Canzano: Mailbag addresses work-life balance, Pac-12, UCLA, Elon Musk and Gonzaga
Your questions, my answers...
I get the best mailbag questions. This week’s most unique question comes from a reader who wants to know how I manage the work-family balance.
Q: Your life must be very busy and sometimes hectic with your new venture in reporting going strong. How do you balance your home and work life? — @2022SportsGuy
I’m blessed. I have an amazing wife and three daughters. It helps that Anna is a two-time Emmy winner as an investigative reporter and news anchor. She knows and understands the demands of the news business.

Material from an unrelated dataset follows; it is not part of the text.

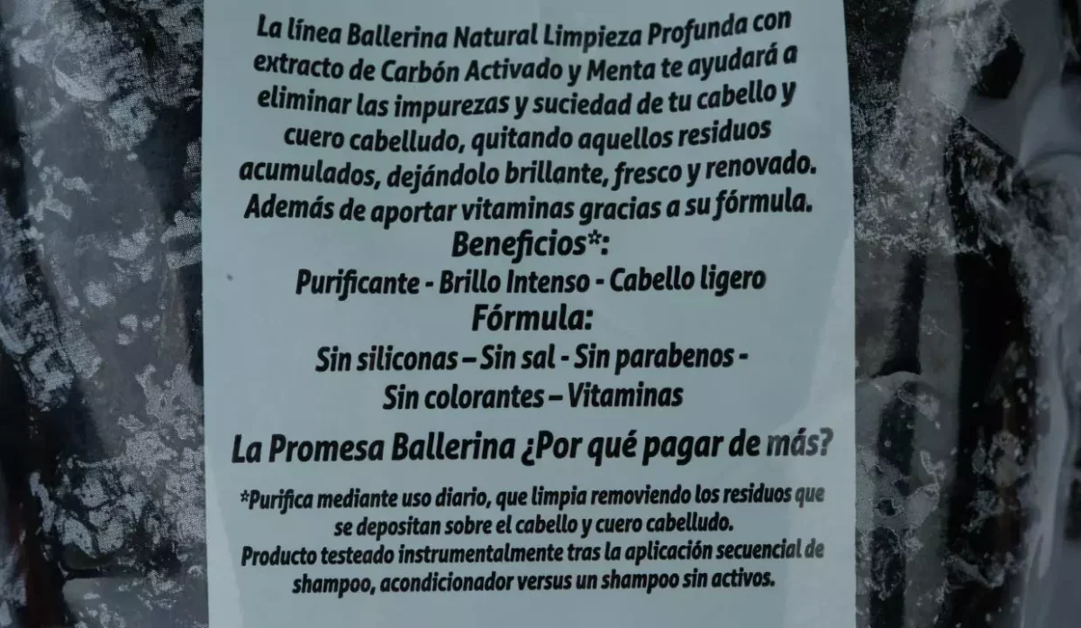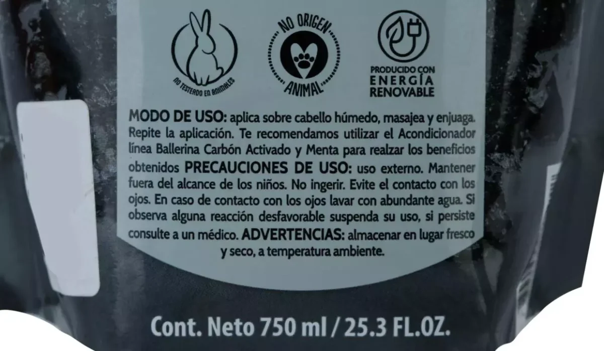 | Ingredientes | Agua, sulfato de sodio, cocamidopropil betaína, cocamida, policuaternio, triloato de metil glucosa, propilenglicol, sodio, sulfonato de olefina, perfume, metilcloroiso tiazolinona, metiliso tiasolina, cloruro de magnesio, nitrato de magnesio, ácido cítrico, polvo de carbón, poliglicerilo, estearato, miristato, poliglicerina, deshidroacetato de sodio, menta piperita |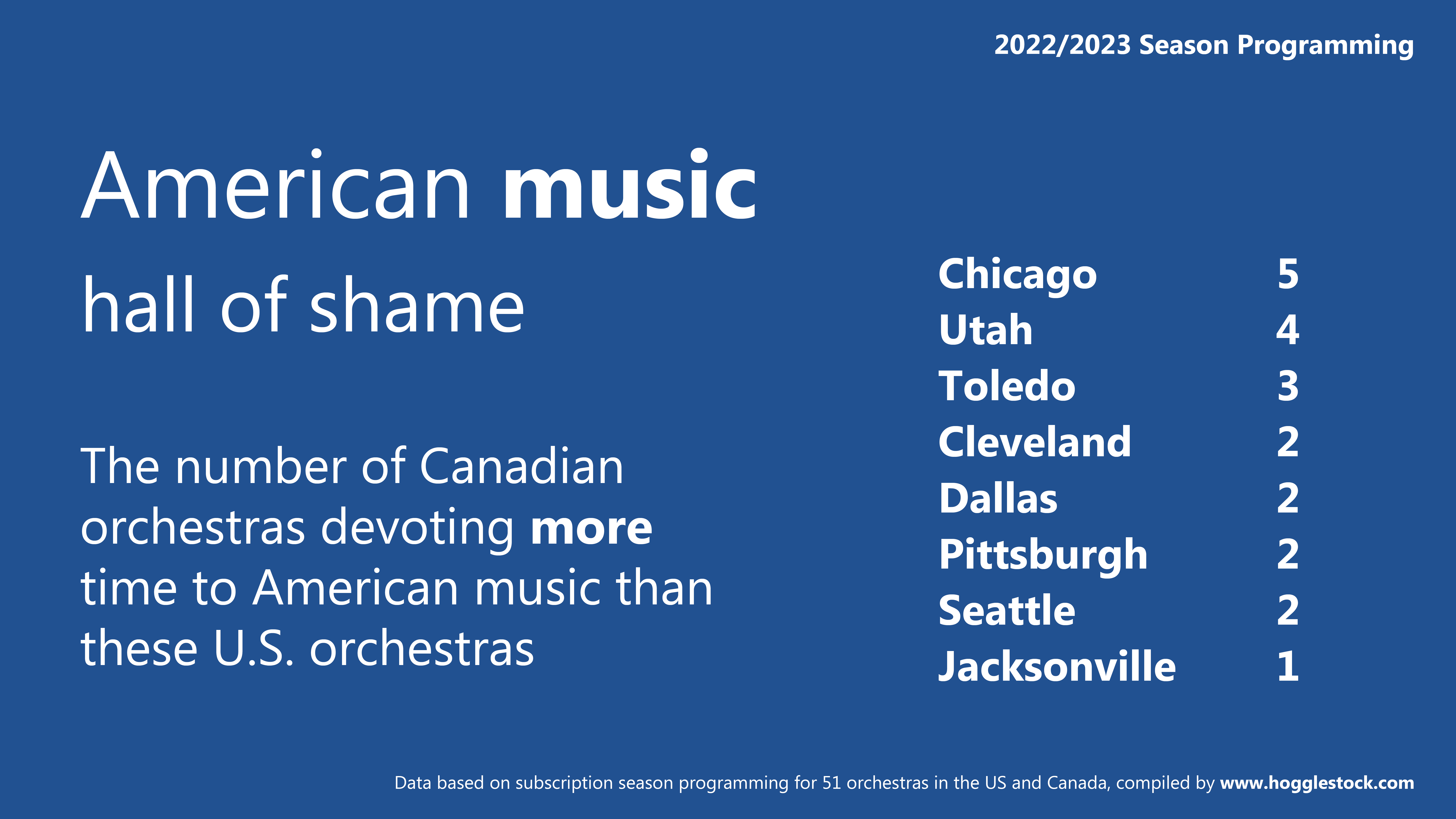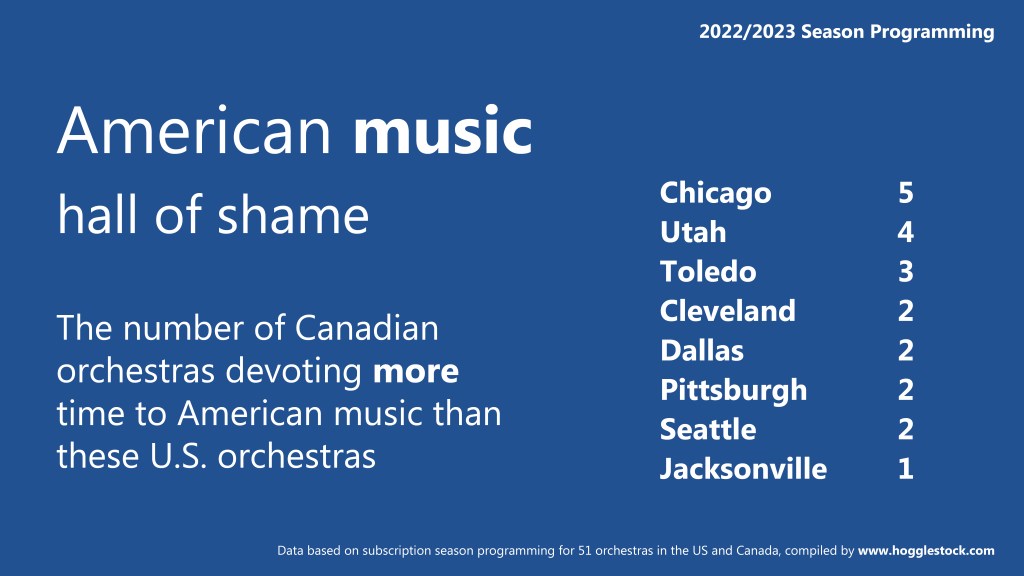 And this is no more evident than in the hall of shame. These fine orchestras are devoting less of their seasons to U.S. American composers than the Canadians. What’s up with that?

I’ll give you a great example.
I’m in Seattle to cover the Oregon State vs. Washington football game. Anna and the two youngest daughters made the trip with me. We spent Friday morning at the Space Needle and toured the Chihuly Garden and Glass exhibit. We had a great time. But my phone rang when we were hanging out on the rotating observation deck of the Space Needle.
It was a Pac-12 athletic director.
I held up the phone. Anna nodded, and waved for me to take the call. Without a word, we transitioned from man-to-man coverage into a one-parent zone defense. It’s high-level stuff. She entertained the girls and spun in a circle, 600 feet above Seattle, while I stood nearby and talked with the AD.

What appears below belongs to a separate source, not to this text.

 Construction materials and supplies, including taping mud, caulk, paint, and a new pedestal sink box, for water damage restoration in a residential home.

Later, I left for the football game at Husky Stadium. The girls went to Seattle’s Museum of Pop Culture. I texted my wife just after kickoff, telling her I was bummed to miss out on the third tourist activity of the day.

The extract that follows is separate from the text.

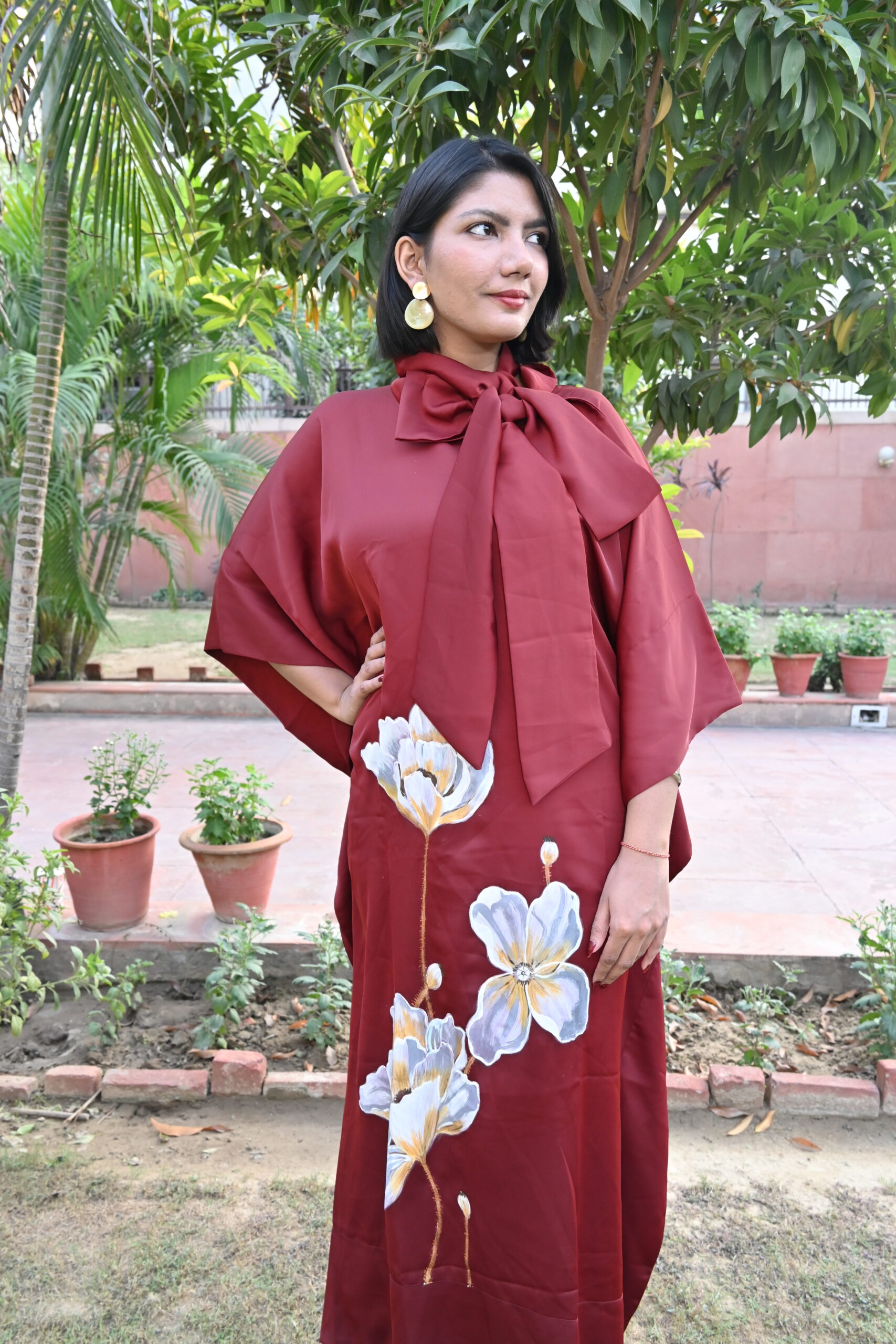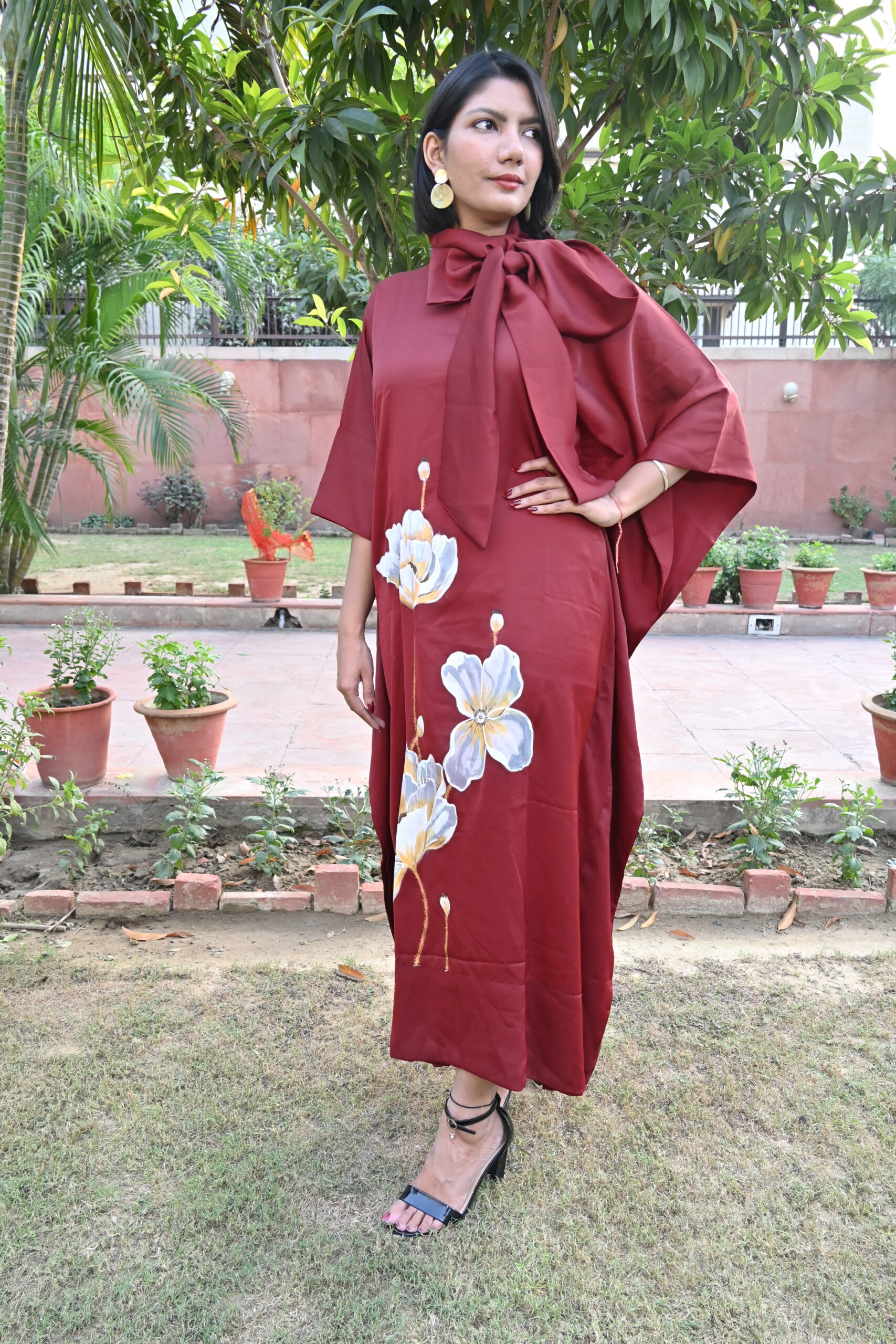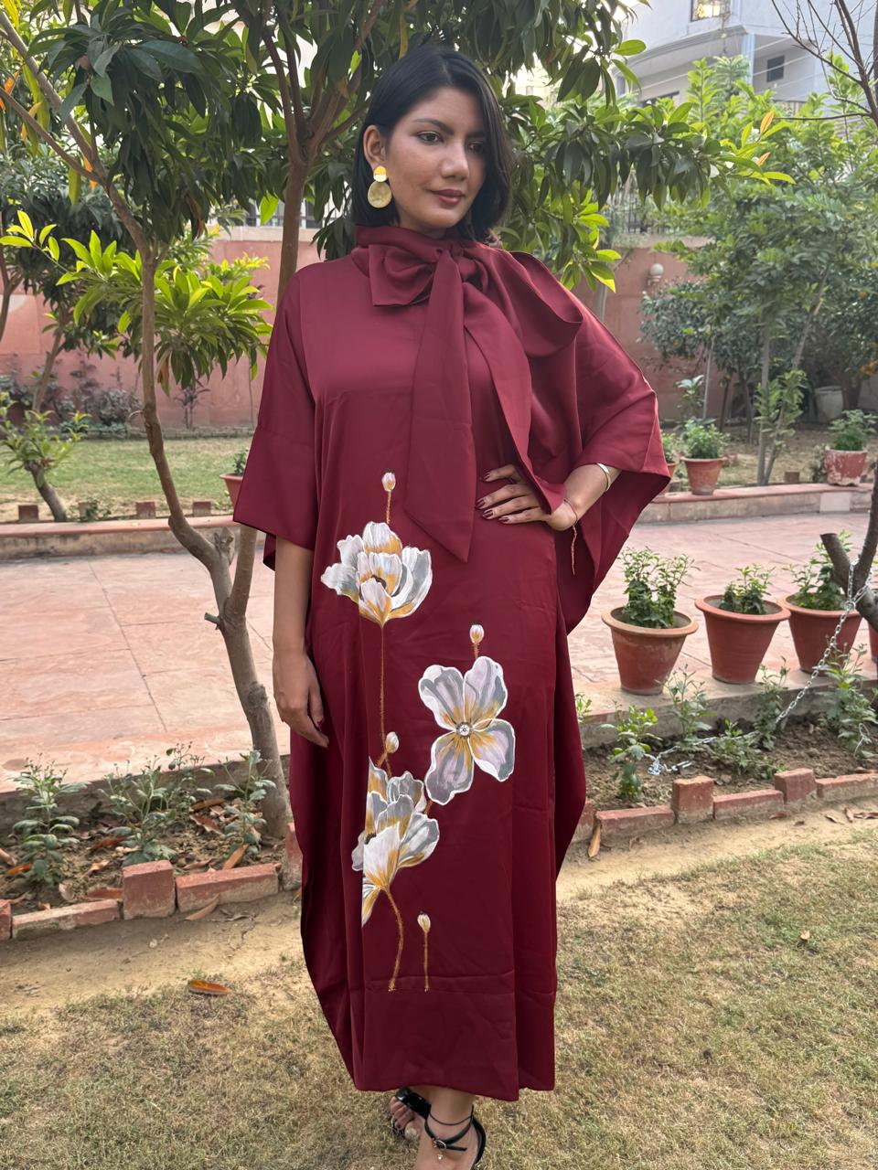 It’s a wine colour long dress,with a bow on the side of the neck.Has a white n grey colour bunch of big flowers painted at the front.
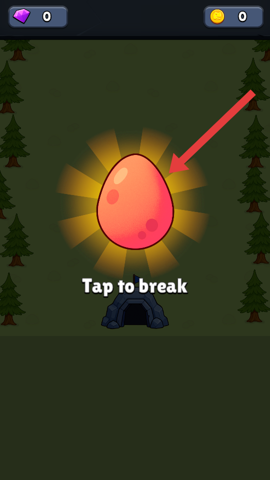 1、游戏初始界面,看到发光的【蛋】,连续点击指标所指的蛋,孵化出恐龙。

Her answer: “Don’t worry… you’re just missing them fighting and arguing.”
Did I mention, I have an amazing wife?
I’m having a lot of fun with this new endeavor. I couldn’t have made the leap without Anna. She’s the most talented journalist I’ve ever worked with. Her fingerprints are all over this project. (Also, I happen to be putting the finishing touches on this mailbag while at breakfast with the two girls. Anna is sleeping in. She earned it.)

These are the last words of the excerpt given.